◆ Listed entries:

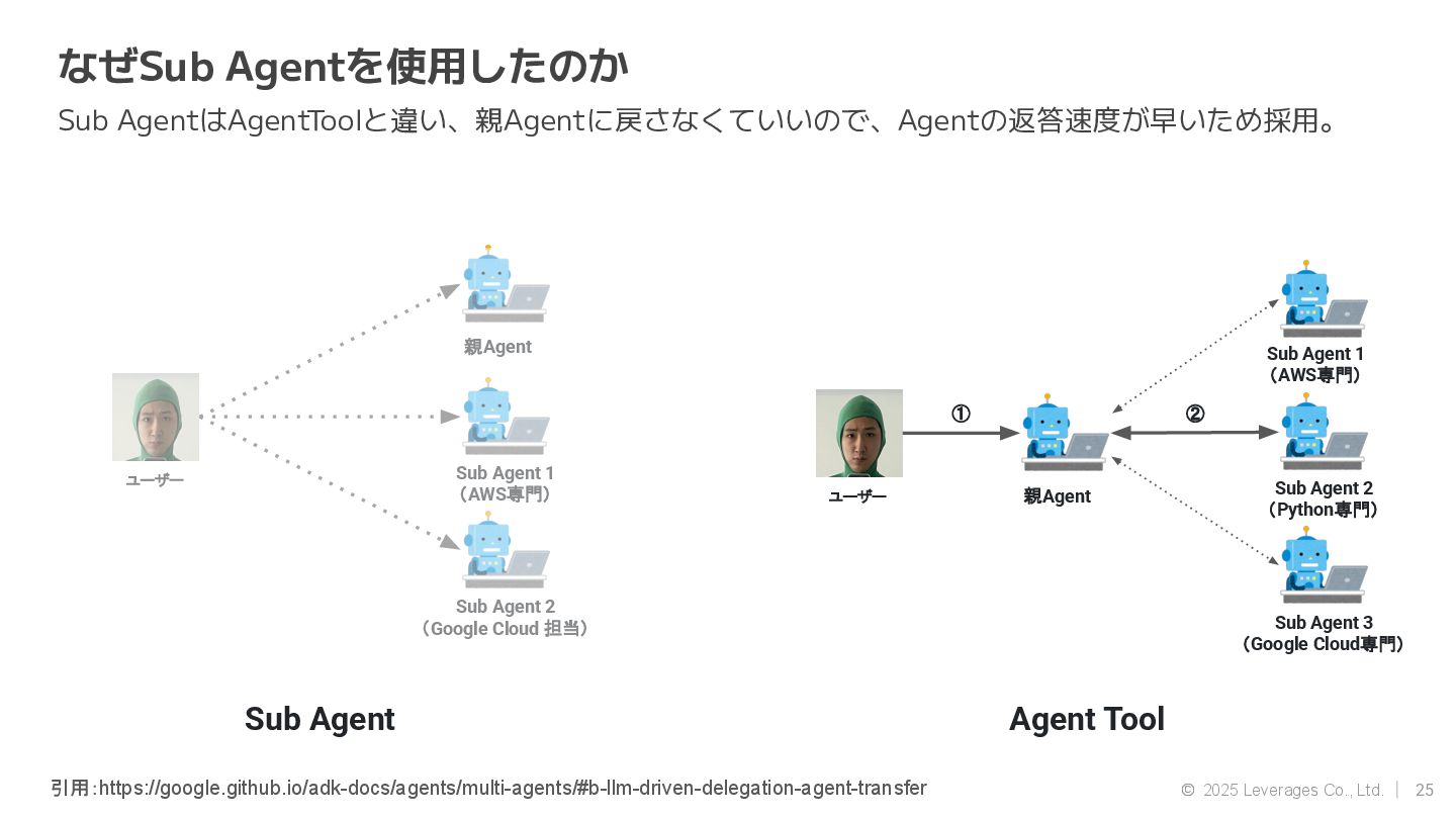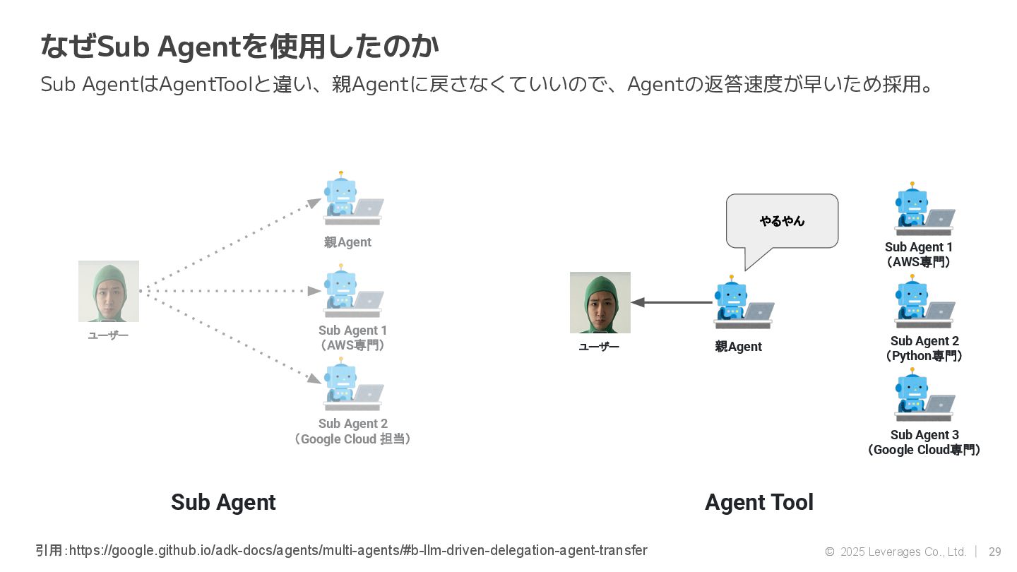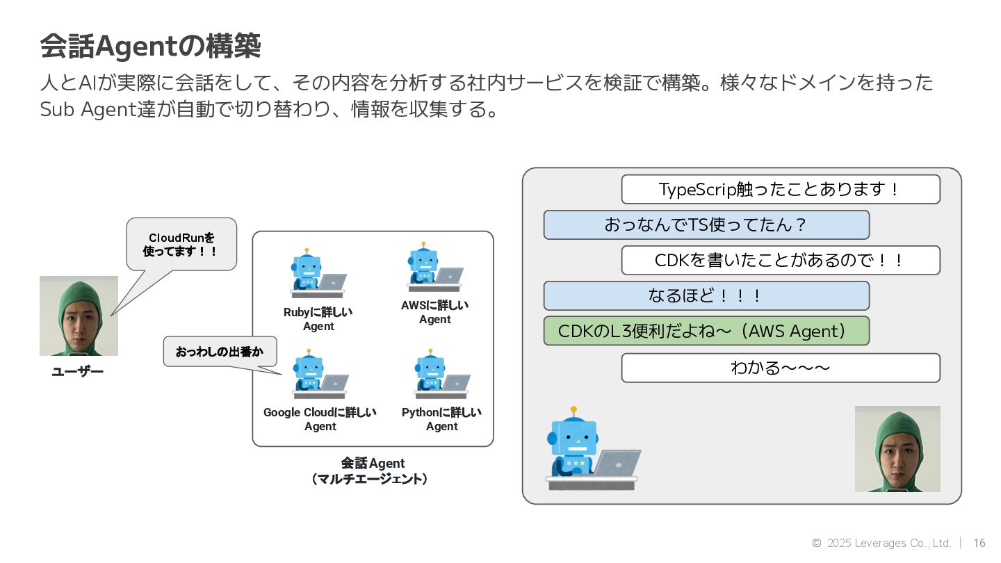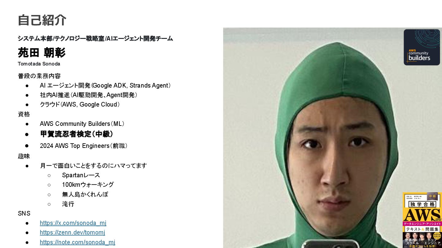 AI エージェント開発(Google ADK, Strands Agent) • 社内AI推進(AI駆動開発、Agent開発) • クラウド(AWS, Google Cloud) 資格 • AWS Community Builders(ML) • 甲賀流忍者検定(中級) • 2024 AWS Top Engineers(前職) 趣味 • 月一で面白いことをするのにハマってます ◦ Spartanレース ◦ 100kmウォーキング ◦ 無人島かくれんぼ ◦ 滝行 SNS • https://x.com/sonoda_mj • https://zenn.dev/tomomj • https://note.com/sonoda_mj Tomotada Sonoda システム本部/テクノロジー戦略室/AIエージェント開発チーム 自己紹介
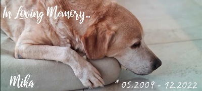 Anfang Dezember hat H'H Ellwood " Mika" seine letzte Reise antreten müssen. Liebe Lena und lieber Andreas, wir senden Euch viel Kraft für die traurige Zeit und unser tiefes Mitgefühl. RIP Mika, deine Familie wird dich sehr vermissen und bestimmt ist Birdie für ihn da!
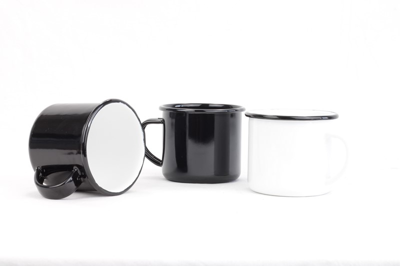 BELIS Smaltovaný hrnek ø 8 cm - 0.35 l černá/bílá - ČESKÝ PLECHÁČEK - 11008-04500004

...

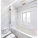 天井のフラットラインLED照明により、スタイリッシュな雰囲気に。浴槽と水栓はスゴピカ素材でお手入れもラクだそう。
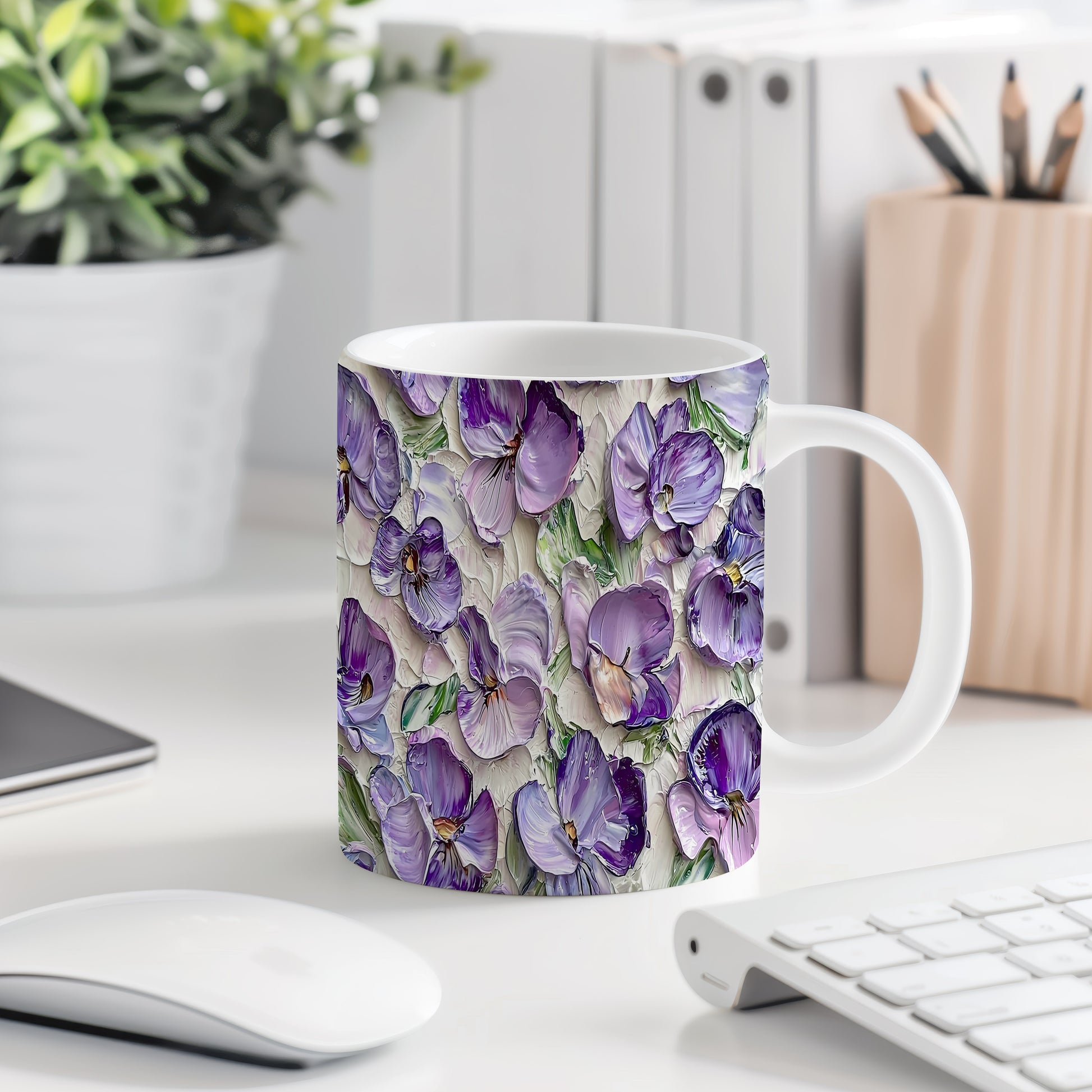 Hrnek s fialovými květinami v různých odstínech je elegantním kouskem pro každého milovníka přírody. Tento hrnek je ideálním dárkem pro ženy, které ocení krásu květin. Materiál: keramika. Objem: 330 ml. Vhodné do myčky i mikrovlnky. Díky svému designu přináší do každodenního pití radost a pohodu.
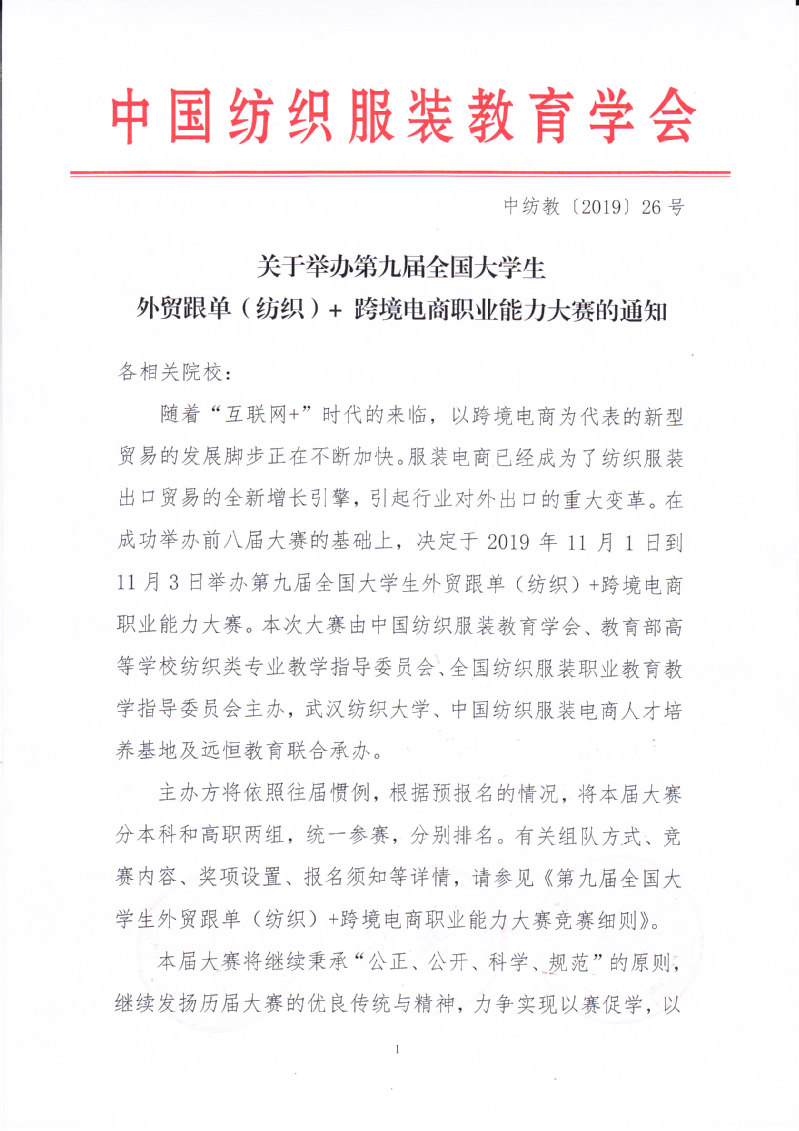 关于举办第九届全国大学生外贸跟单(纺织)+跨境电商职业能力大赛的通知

...

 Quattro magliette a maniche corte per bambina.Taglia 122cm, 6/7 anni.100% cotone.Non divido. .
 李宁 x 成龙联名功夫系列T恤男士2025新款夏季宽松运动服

◆ Exercise: With the pictures omitted, copy the entries above exactly from the line containing "AI エージェント開発(Google ADK, Strands" through the line containing "BELIS Smaltovaný hrnek", both lines included.

◆ Answer below:
 AI エージェント開発(Google ADK, Strands Agent) • 社内AI推進(AI駆動開発、Agent開発) • クラウド(AWS, Google Cloud) 資格 • AWS Community Builders(ML) • 甲賀流忍者検定(中級) • 2024 AWS Top Engineers(前職) 趣味 • 月一で面白いことをするのにハマってます ◦ Spartanレース ◦ 100kmウォーキング ◦ 無人島かくれんぼ ◦ 滝行 SNS • https://x.com/sonoda_mj • https://zenn.dev/tomomj • https://note.com/sonoda_mj Tomotada Sonoda システム本部/テクノロジー戦略室/AIエージェント開発チーム 自己紹介
 Anfang Dezember hat H'H Ellwood " Mika" seine letzte Reise antreten müssen. Liebe Lena und lieber Andreas, wir senden Euch viel Kraft für die traurige Zeit und unser tiefes Mitgefühl. RIP Mika, deine Familie wird dich sehr vermissen und bestimmt ist Birdie für ihn da!
 BELIS Smaltovaný hrnek ø 8 cm - 0.35 l černá/bílá - ČESKÝ PLECHÁČEK - 11008-04500004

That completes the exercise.